It was also found that volume and valence of reviews (both critical and user-generated) had
positive effects on box office (models 5, 6, 7 and 8). This result supported previous findings
by Zuckerman (2003), Moul (2007), McKenzie (2009) and Lee and Choeh (2018). Also, it was
worth mentioning that volume of reviews (models 7 and 8) had a greater influence on box
office performance compared to the valence of reviews which supported previous findings by
(Bharadwaj et al., 2017; Gopinath et al., 2010). Production budget was also found to be a good
predictor of box office success which was supported by (Bharadwaj et al., 2017; Kim et al.,
2013) findings but was contradicted by McKenzie's (2009) results.

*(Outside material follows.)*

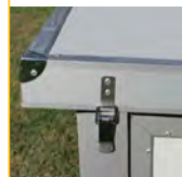
Removable latched roof
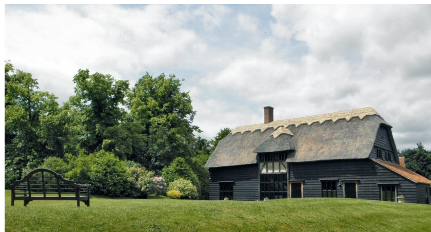
BARN CHURCH LANE LITTLE EVERS DEN

Previous studies (Basuroy et al., 2006; Bharadwaj et al., 2017; McKenzie, 2009; Zhao et al.,
2013) found that recognition factor in name or by belonging to a movie franchise was a
significant factor in box office success. This was only partially supported by the findings of
this study as it was a significant factor prior or at the time of movie premiere (models 1, 2 and
3) but not at the later stages of movies’ life-cycle. This, however, supported findings by
McKenzie (2009).
So far, findings of my study generally supported findings from previous studies. There were,
however, 2 significant variables that were omitted from my research: advertising budget and
star power. Many researchers (Basuroy et al., 2006; Bharadwaj et al., 2017; Goff et al., 2016;
Karniouchina, 2011; Zuckerman, 2003; Zuckerman et al., 2003) argued for importance either
or both of these variables. However, due to access to advertising budget data and ability to
operationalize star power of directors and/or actors, I decided to omit these variables from my
analysis. Goff et al. (2016) argued that star power was associated with probability of above-
average critical reviews. Possibly, the omission of star power from my analysis led to lower
coefficient of determination in the model that was used to find relation between review turnover
and Rotten Tomatoes score. Therefore, I would suggest using star power in future research in
order to determine effects of star power on critical ratings.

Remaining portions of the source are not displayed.